New Theory of Software Evolution:

Designers = random mutations

Product Managers = fitness function

------
rs23296008n1
Different thought: our expectations are in the way. Let's see it as it is.

If the whole page looks like an ad then maybe we should see it _that_ way.
Google search is now for finding which ad to click on. Its now an advertising
index. Not a general search engine. They don't want you finding anything but
ads. So they've made everything look like ads.

I think I'll stick with DDG. Unfortunately if the whole page is an ad then the
whole page is likely irrelevant. No matter how much data they have on me, paid
content in my search results are likely not what I want to see.

Them knowing I have fish hasn't helped them advertise to me.

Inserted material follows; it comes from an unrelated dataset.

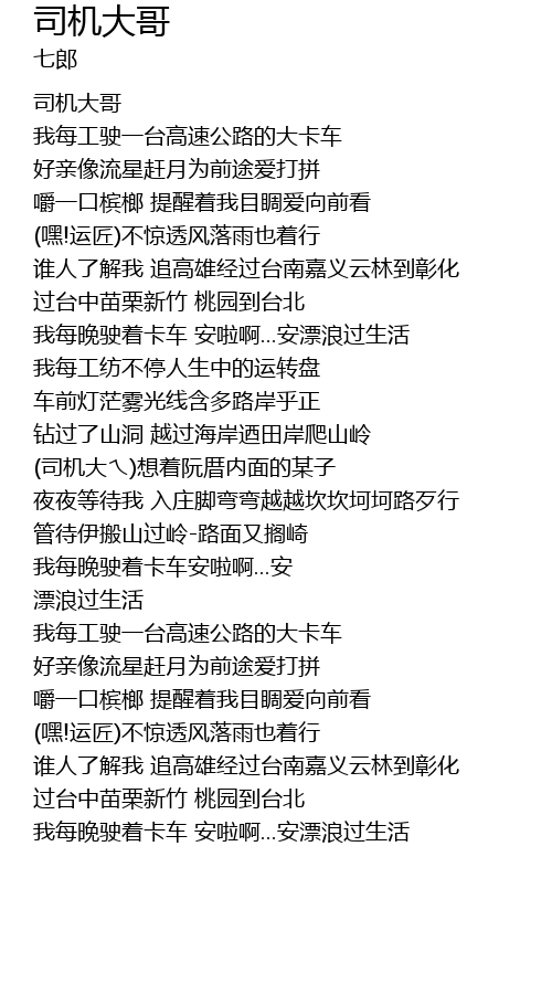| [02:52.00] | 我每晚驶着卡车安啦啊...安 |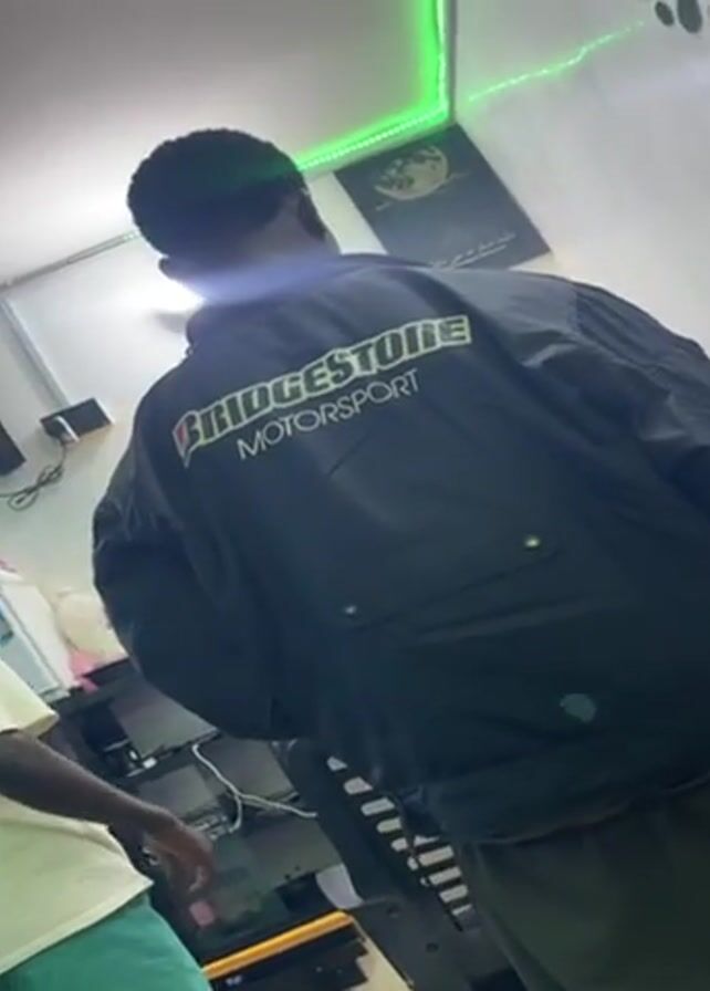In a brightly lit room, a man wearing a black Bridgestone Motorsport jacket stands with his back to the camera

Google results
don't include who I regularly buy from. Even reading my fish hobby email
account hasn't helped them improve. I've already used google search with that
google account etc. All the ads were completely useless. Trying to sell me
irrelevant items from irrelevant retailers. Wrong fish. Or trying to steer me
towards boats. If anything, I _didn 't_ find what I needed and dropped back to
DDG. I needed information necessary to a sale and paid content is completely
inappropriate.

All that infrastructure slowed down and frustrated a sale. So. Not so good.

------
matheist
Pure uBlock Origin filter syntax:

    
    
        www.google.com##+js(remove-attr.js, onmousedown, .rc > .r > a)
        www.google.com##.rc > .r > a:after:style(content: attr(href); display: inline-block; font-size: 14px; color: darkgreen; white-space: nowrap; width: 100%)
        www.google.com##.rc > .r > a > br
        www.google.com##.TbwUpd
        www.google.com##.B6fmyf:style(right: 0px)
    

This restores the old style: no favicon, full green URL.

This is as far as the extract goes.